Abstract
Background:
An outbreak of coronavirus disease 2019 (COVID-19) took place in Wuhan, China, by the end of 2019, and the disease continues to spread all over the world. The number of patients is increasing rapidly, a large number of infected patients is critically ill, and the mortality is high. However, information on COVID-19 patients is limited, and its clinical characteristics have not been fully studied.
Objectives:
To compare the performances of point-of-care lung ultrasound (LUS) and bedside chest X-ray in assessing the condition of COVID-19 patients with acute respiratory distress syndrome (ARDS).
Methods:
This observational study enrolled 42 COVID-19 patients with ARDS who were admitted to the Department of Critical Care Medicine of the Wuhan Union Hospital from February to April 2020. The point-of-care LUS characteristics of the COVID-19 patients with ARDS were summarized, and the performances of LUS and bedside chest X-ray in assessing the patient’s condition were compared.
Results:
Most of the 42 patients were elderly individuals with chronic clinical diseases. The proportion of patients older than 60 years old was 85.7%. All patients were given invasive mechanical ventilation; eight (19.0%) of them received venovenous extracorporeal membrane oxygenation support. LUS has evident advantages in detecting lung consolidation, patchy shadows, and pleural thickening, and pleural line changes in particular. The receiver operating characteristic analysis indicated that the sensitivity, Youden index, and kappa value for detecting COVID-19 patients with ARDS were higher for LUS than the chest X-ray.
Conclusion:
LUS has better diagnostic accuracy and sensitivity in COVID-19 patients with ARDS than the chest X-ray.
Background
The severity of the outbreak of the coronavirus disease 2019 (COVID-19) in Wuhan, China, has been increasing since December 2019, and the disease has spread rapidly to other parts of mainland China.1–3 So far, the number of COVID-19 patients continues to rapidly rise worldwide. A large number of infected patients are in critical condition. A recent single-center clinical study published in The Lancet Respiratory Medicine 3 documented that severe cases of COVID-19 are characterized by a 61.5% mortality rate. The 61.5% mortality rate is often associated with acute respiratory distress syndrome (ARDS). Some studies call the COVID-19 associated with ARDS as “CARDS,” and these patients can be assigned in a simplified phenotype, “L” (low lung elastance, low recruitability), 4 but the clinical characteristics of CARDS patients still remain not very clear. Moreover, frequent pulmonary imaging of these patients is very difficult, necessitating the development of a convenient, fast, and rapid new diagnostic strategy for severe COVID-19.

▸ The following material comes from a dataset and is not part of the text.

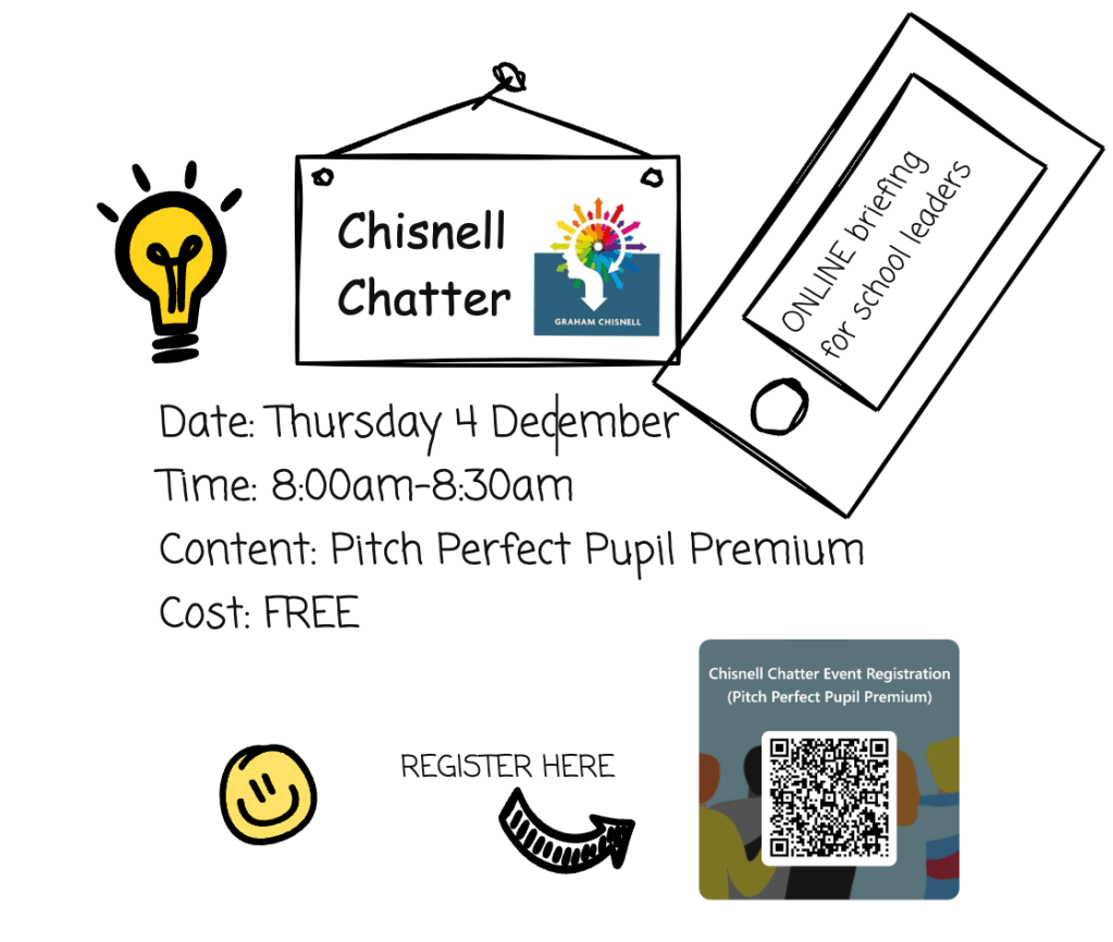 The next Chisnell Chatter Live session will take place in cyberspace on December 4 2026 and will focus on Pitch Perfect Pupil Premium (I do love a bit of alliteration). With the focus on disadvantaged pupils in the Ofsted framework, this is an essential listen to all school leaders.

Point-of-care lung ultrasound (LUS) is a noninvasive, convenient tool for real-time imaging of the lung. Since the application of LUS in the diagnosis and treatment of pulmonary diseases in 1997, it has been widely used in Western countries in the diagnosis and treatment of respiratory failure and other pulmonary diseases in critically ill patients. Moreover, it can be applied in early diagnosis and screening of pneumonia patients, as well as in the evaluation of the effects of the treatment.5,6 This technology is highly practical and can be easily mastered by clinicians after rather simple training. It has been documented that in an under-resourced setting, LUS had greater diagnostic accuracy in patients with pneumonia than chest X-ray.7,8 Thus, the use of LUS can solve the problems inherent in currently used imaging examination and auscultation for severe COVID-19 patients.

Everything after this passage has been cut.